◆ **Instructions to follow**
Where the listing shows an image, skip it and output all other material unchanged.

◆ **Data excerpt**
◆ ◆ ◆ ◆ ◆

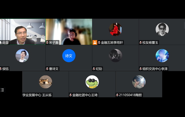 2022年4月22日下午3点,为更好地促进学生工作顺利开展,解答学生在疫情防控期间面临的困难,司机会所 组织了线上会议,金融专业协会主要学生干部参加。会议由司机会所 党委书记谷政主持。
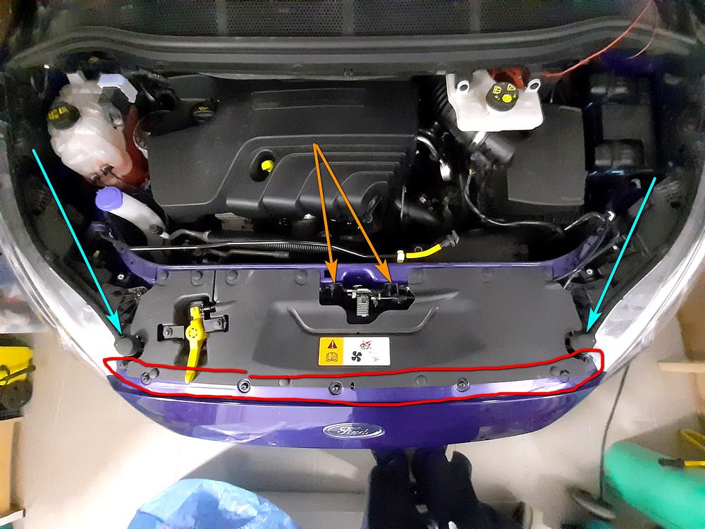 Abych si mohl pomoct akuvšroubovákem, bylo nutné auto kousek zvednout - stačilo to z jedné strany. S demontáží mi moc pomohla krabice podobné výšky, jako je výška nárazníku nad zemí. Jde to pak v pohodě v jednom člověku a docela přesně a v klidu. Po sundání nárazníku jsem zjistil, že příčka, na které je zavěšen je z každé strany na dvou šroubech. To mi umožnilo pozvednutí nárazníku cca o 3-4mm. Ještě jsem zkoumal co a jak dál, tak jsem cvičně demontoval i světla. Ale nic, co by stálo za řeč jsem z pohledu toho, co mě zajímalo, nenašel. Po pozvednutí příčky to bylo lepší, ale jen o trošku. Po delším laborování jsem to vzdal, slícoval co z hlediska těchto šroubů (samostatné foto, červené šipky), šroubů držících nárazník (červeně), nastavení zámku (oranžově) a nastavení pružných dorazů (modře) šlo a vrhnul se na hrubou sílu. Kapotu jsem v rámci možností přihnul na obou stranách u světel a světe div se, výsledek je docela v pohodě. Nakonec tato metoda byla účinnější. Do ničeho jsem nemlátil, čistě ruční práce. Dlaně, prsty + síla.
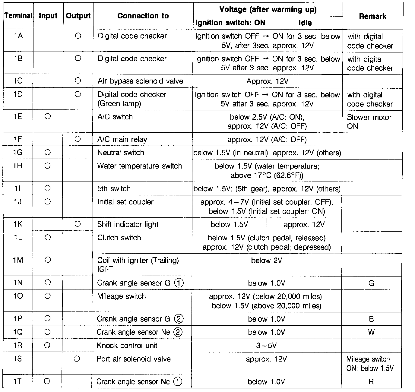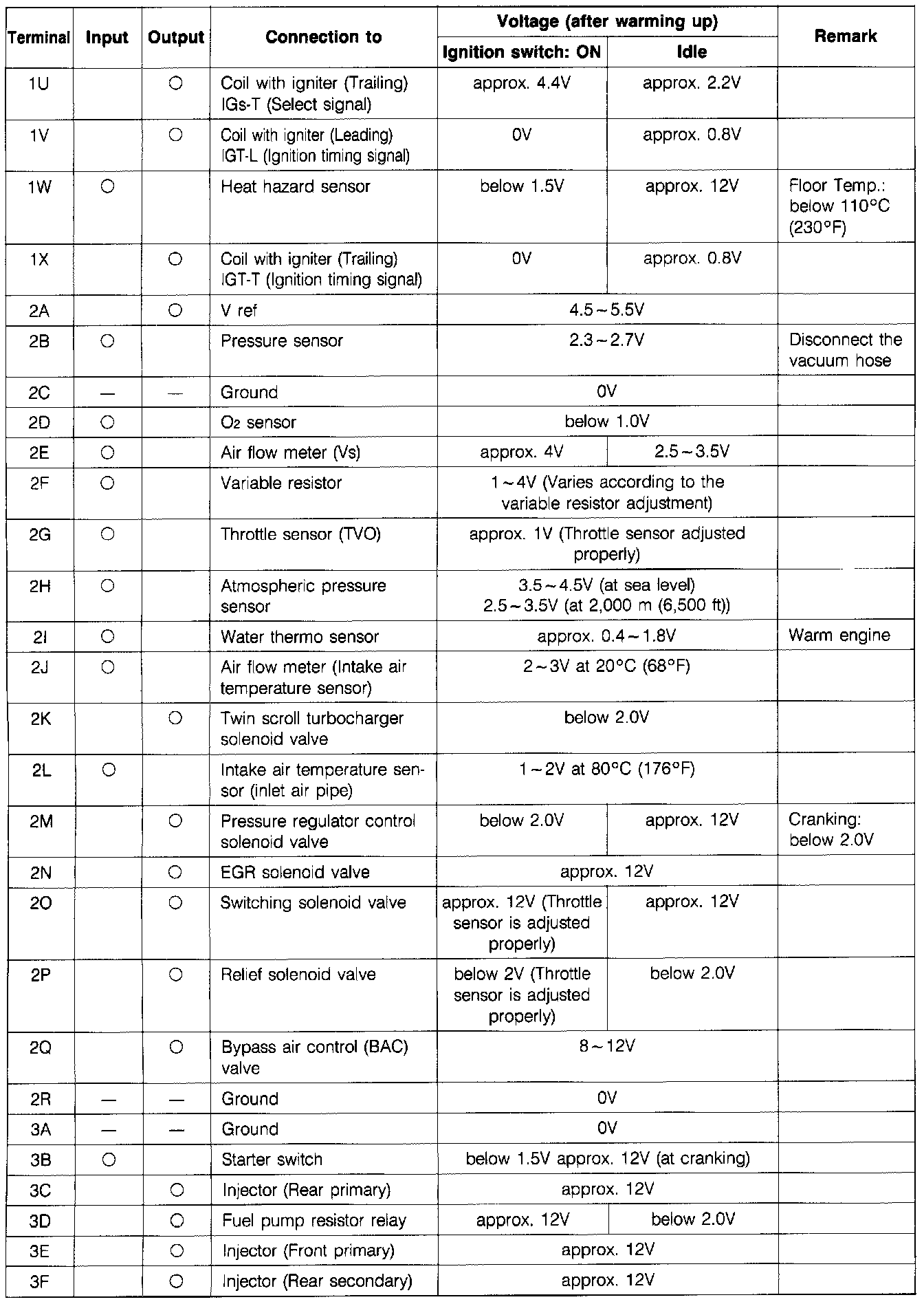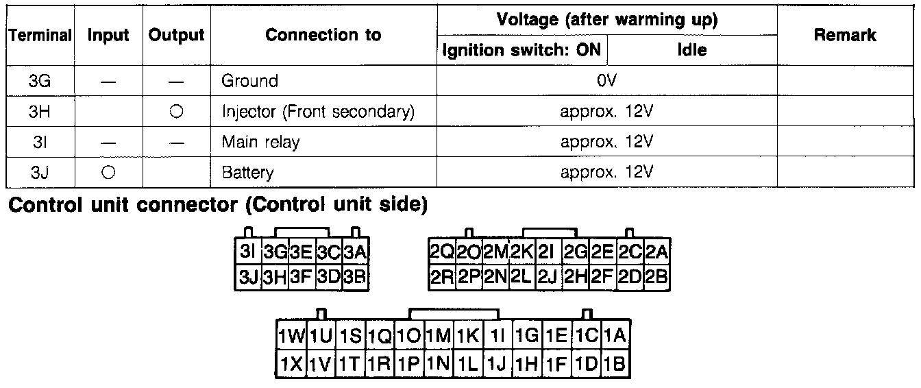 Control Unit Voltage Specification Chart:
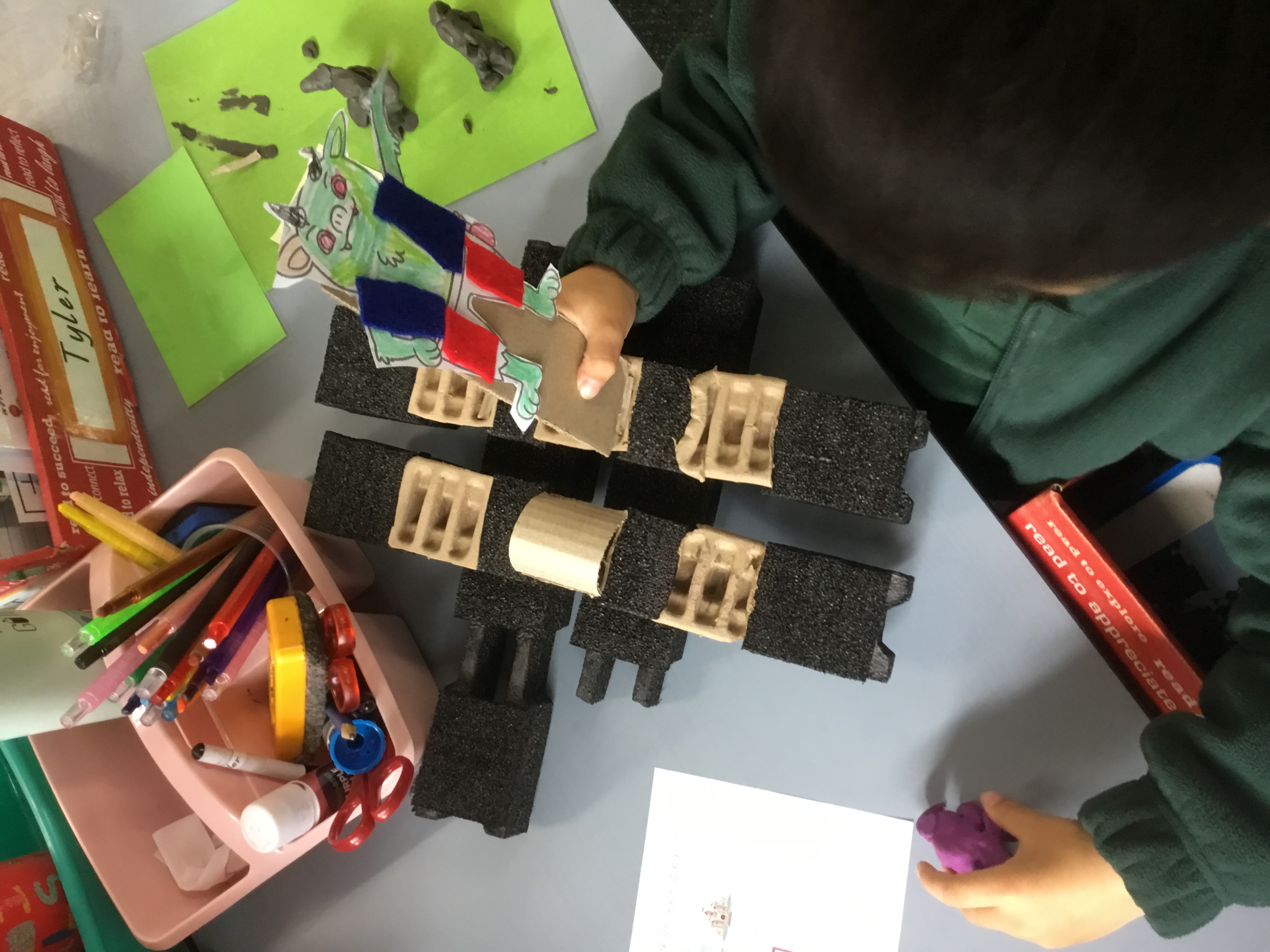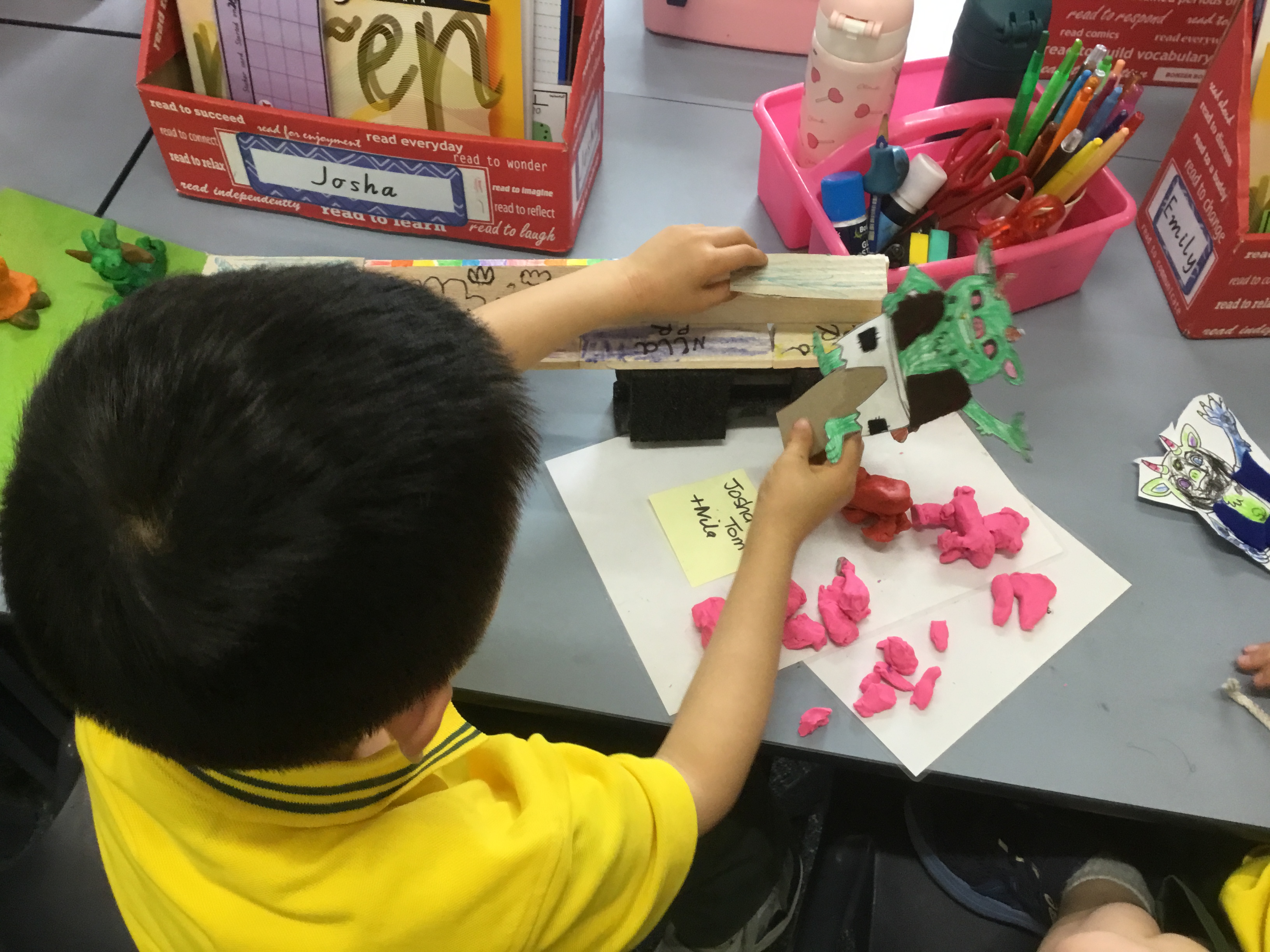 In Art lessons with Ms Farlow, we investigated which material would be the best for building a strong bridge. We tried paper first, but it was too weak and bent easily. Then we tried clay and wood, but that was too crumbly. After that we experimented with cardboard, which was much stronger, and it was sturdy enough for the goats to cross.

◆ ◆ ◆ ◆ ◆

◆ **Answer for the task**
 2022年4月22日下午3点,为更好地促进学生工作顺利开展,解答学生在疫情防控期间面临的困难,司机会所 组织了线上会议,金融专业协会主要学生干部参加。会议由司机会所 党委书记谷政主持。
 Abych si mohl pomoct akuvšroubovákem, bylo nutné auto kousek zvednout - stačilo to z jedné strany. S demontáží mi moc pomohla krabice podobné výšky, jako je výška nárazníku nad zemí. Jde to pak v pohodě v jednom člověku a docela přesně a v klidu. Po sundání nárazníku jsem zjistil, že příčka, na které je zavěšen je z každé strany na dvou šroubech. To mi umožnilo pozvednutí nárazníku cca o 3-4mm. Ještě jsem zkoumal co a jak dál, tak jsem cvičně demontoval i světla. Ale nic, co by stálo za řeč jsem z pohledu toho, co mě zajímalo, nenašel. Po pozvednutí příčky to bylo lepší, ale jen o trošku. Po delším laborování jsem to vzdal, slícoval co z hlediska těchto šroubů (samostatné foto, červené šipky), šroubů držících nárazník (červeně), nastavení zámku (oranžově) a nastavení pružných dorazů (modře) šlo a vrhnul se na hrubou sílu. Kapotu jsem v rámci možností přihnul na obou stranách u světel a světe div se, výsledek je docela v pohodě. Nakonec tato metoda byla účinnější. Do ničeho jsem nemlátil, čistě ruční práce. Dlaně, prsty + síla.
 Control Unit Voltage Specification Chart:
 In Art lessons with Ms Farlow, we investigated which material would be the best for building a strong bridge. We tried paper first, but it was too weak and bent easily. Then we tried clay and wood, but that was too crumbly. After that we experimented with cardboard, which was much stronger, and it was sturdy enough for the goats to cross.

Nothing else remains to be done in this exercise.